The major disagreement was not over whether censorship should take place, but how strict it should be.
The final fact. It wasn’t only the Catholic church and the Church of Ireland that backed censorship: so did the nationalist leadership of the country as well as Free Staters. Douglas Hyde, a protestant let’s not forget, was a supporter.
I think we can safely say at this point that there was no way Ireland, post-independence, was not going to have a strict regime of censorship. Indeed, it is equally likely that if many of the people reading this paper today had been alive and kicking back then, they too would have supported censorship as they now back its lifting.

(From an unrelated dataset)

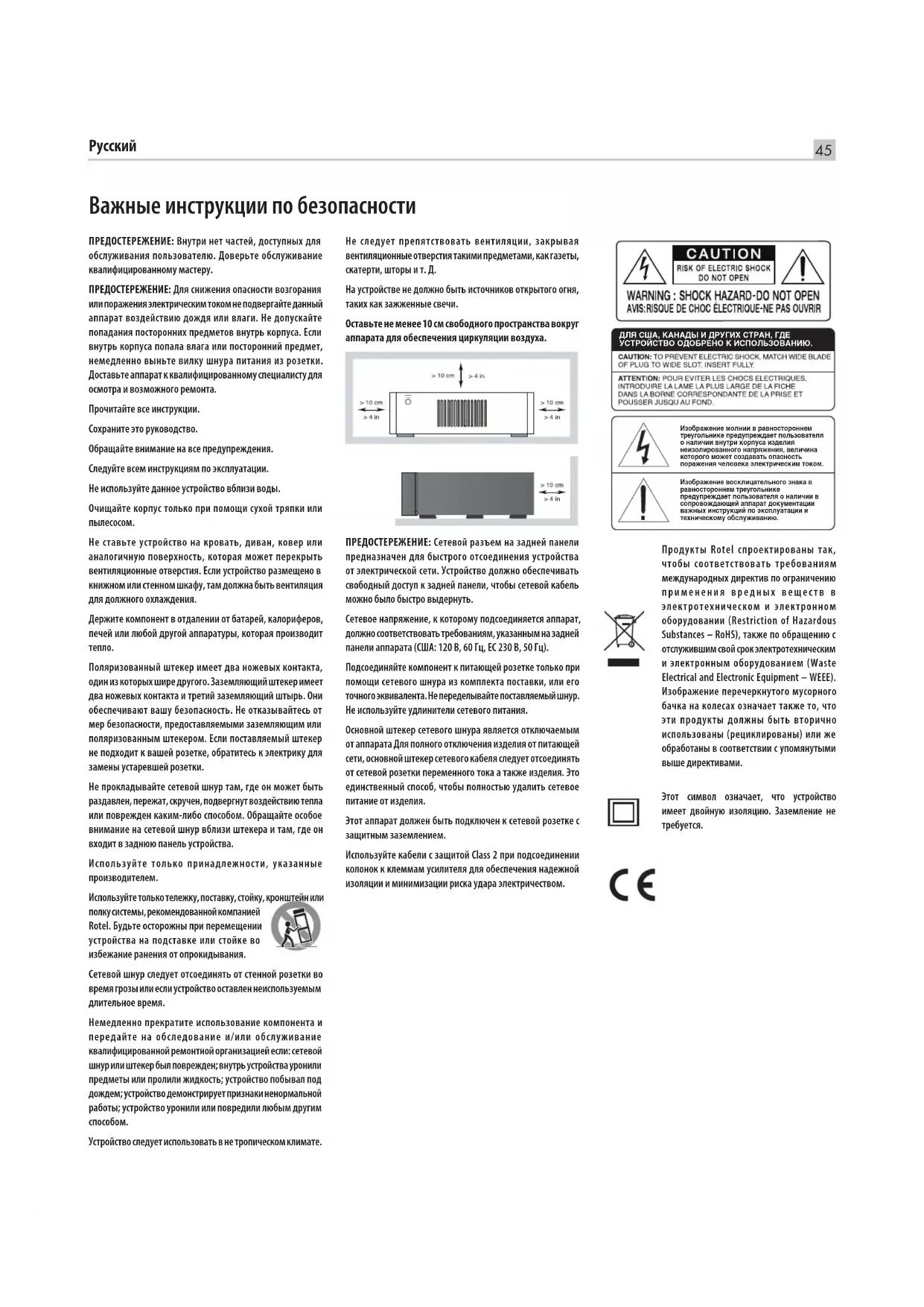 Поляризованный штекер имеет два ножевых контакта, один из которых шире другого. Заземляющий штекер имеет два ножевых контакта и третий заземляющий штырь. Они обеспечивают вашу безопасность. Не отказывайтесь от мер безопасности, предоставляемыми заземляющим или поляризованным штекером. Если поставляемый штекер не подходит к вашей розетке, обратитесь к электрику для замены устаревшей розетки. Не прокладывайте сетевой шнур там, где он может быть раздавлен, пережат, скручен, подвергнут воздействию тепла или поврежден каким-либо способом. Обращайте особое внимание на сетевой шнур вблизи штекера и там, где он входит в заднюю панель устройства. Используйте только принадлежности, указанные производителем. Используйте только тележку, поставку, стойку, кронштейн или полку системы, рекомендованной компанией Rotel. Будьте осторожны при перемещении устройства на подставке или стойке во избежание ранения от опрокидывания. Сетевой шнур следует отсоединять от стенной розетки во время грозы или если устройство оставлен неиспользуемым длительное время. Немедленно прекратите использование компонента и передайте на обследование и/или обслуживание квалифицированной ремонтной организацией если: сетевой шнур или штекер был поврежден; внутрь устройства уронили предметы или пролили жидкость; устройство побывал под дождем; устройство демонстрирует признаки ненормальной работы; устройство уронили или повредили любым другим

It was the spirit of the time and most of us, by definition, are inhabited by the spirit of whatever time we happen to live in. Indeed, I would be amazed if there are 100 people reading this column who would have opposed censorship 80-odd years ago.
Most of the early opposition came from artists, which makes sense because it was their work, after all, which was not being seen. But some of them were entirely hypocritical about the matter.
For example, as Kenny reminds us, Sean O’Casey opposed censorship here but supported it in the Soviet Union where the custom was to censor people by killing them.
Montgomery did use the old censor’s scissors with abandon but, as far as historians can ascertain, he never used it on people.
Announcing the change to the name of our former film censors office last week, justice minister Dermot Ahern, dutifully reading from the script prepared for him by a civil servant, declared that we are now a “mature society” in which “adults should be free . . . subject to the limits of the law, to decide for themselves what they may see”.
Don’t you just love the condescension? As we become more ‘liberal’ we become more ‘mature’ and as we become less ‘liberal’ we become less ‘mature’. What a load of self-serving bunkum. Mature by what definition? Check out the movies we actually watch and then ask yourself if they are the mark of a mature society. Meet the Spartans, just out on DVD, would be an excellent place to start.
Half the movies in the cinema are deliberately low-brow and crude. When done well, as in the case of Dumb and Dumber, this can be quite funny. But let’s not pride ourselves on our maturity as we fill cinemas to watch these films. Irish people nearly three generations ago might have been more censorious in certain respects than they are now, but I’ll bet in other respects their tastes were more high-brow and more ‘mature’ — to use that awful word — than they are in 2008.
But just as people 80 years ago were more censorious in some aspects, we are more so in other ways. The Irish Times, in a leader last Wednesday, reacted in its usual knee-jerk way by bleating on about how attitudes towards freedom of expression have changed so much for the better.
Really?
We may be a lot more tolerant about sex and violence in the movies, but if liberal Ireland is totally supportive of freedom of expression, then why isn’t it currently championing Kevin Myers?
The Immigrant Council of Ireland is trying to have the newspaper columnist charged with incitement to hatred because of a piece he wrote that is fiercely critical of giving aid to Africa.
That is censorship of a particularly sinister kind.
Ireland may be less ‘prudish’ about sex but the new prudes, the leftist ones who have succeeded the old nationalist and religious puritans, are perfectly willing to suppress freedom of expression if they think someone is being ‘racist’, ‘sexist’ or ‘ageist’.
So, on second thoughts, let’s spare ourselves that pat on the back.
We still believe in censorship.
The only difference is that the people doing the censoring have changed and so have the things we want to censor.